9. The method according to claim 8, characterized in that, The method further includes: After performing data definition language operations on the target sub-partition table in the partition table, it is determined that each index tuple corresponding to the target sub-partition table in the global index is in an invalid state, and an invalid data table is generated based on the first identifier of the partition table and the second identifier of each sub-partition table in an invalid state. When the triggering conditions for the cleanup operation are met, the invalid data table corresponding to the partition table is queried to generate a set of sub-partition identifiers to be cleaned corresponding to the partition table.

10. The method according to claim 9, characterized in that, The method further includes: The cleanup process deletes the index tuples corresponding to the sub-partition identifiers marked with the recyclable identifier.

11. A data processing device based on a global index, characterized in that, The device includes: The first acquisition module is used to acquire the sub-partition identifier in the currently traversed index tuple for the global index of the partition table; the partition table includes multiple sub-partition tables; the global index of the partition table is generated based on the index data of each of the sub-partition tables; the index data includes the index key value of the sub-partition table and the sub-partition identifier; The first query module is used to perform a data row read operation through the relation descriptor pointer to obtain the data corresponding to the index tuple if the relation descriptor pointer corresponding to the sub-partition identifier is found in the private hash table corresponding to the partition table; the private hash table includes multiple key-value pairs corresponding to each sub-partition table, and the key-value pairs include the sub-partition identifier and the relation descriptor pointer; the private hash table and the partition table are in one-to-one correspondence.
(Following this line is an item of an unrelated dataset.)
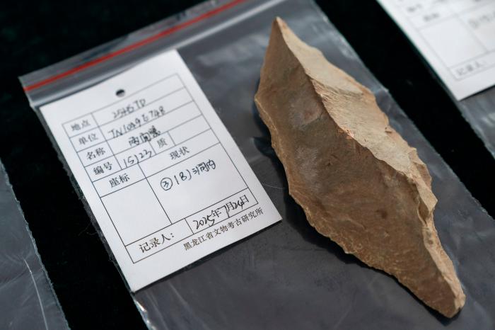 来自中国社会科学院、吉林大学、山东大学、南京大学等单位的专家一致认为石人洞遗址是国内罕有的史前石器原料开采地及加工厂,出土石制品数量巨大,具有重要的考古价值。这是10月20日在海林市石河村拍摄的石人洞遗址中发掘出的石器。
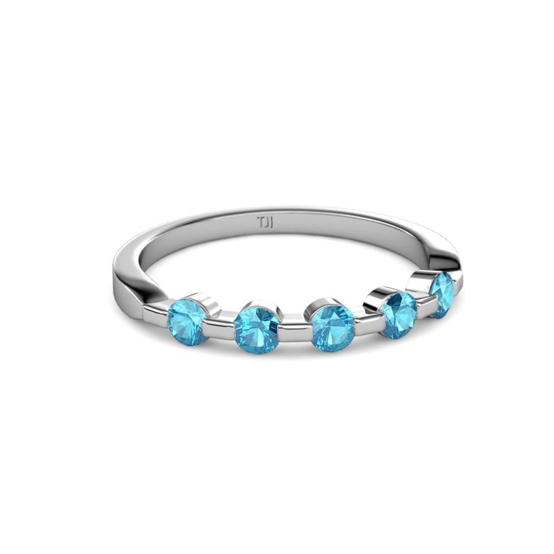Round London Blue Topaz 1/2 ctw 5 Stone Bar Set Womens Wedding Band Stackable 10K White Gold More Details ...

The device further includes: The first generation module is used to generate an index tuple for each data row in the sub-partition table based on the index key value, sub-partition identifier, and physical location data of each data row; and to combine the index tuples corresponding to multiple data rows in multiple sub-partition tables to generate a global index for the partition table.

12. A computer device comprising a memory and a processor, wherein the memory stores a computer program, characterized in that, When the processor executes the computer program, it implements the steps of the method according to any one of claims 1 to 10.

13. A computer-readable storage medium having a computer program stored thereon, characterized in that, When the computer program is executed by a processor, it implements the steps of the method according to any one of claims 1 to 10.

14. A computer program product, comprising a computer program, characterized in that, When the computer program is executed by a processor, it implements the steps of the method according to any one of claims 1 to 10.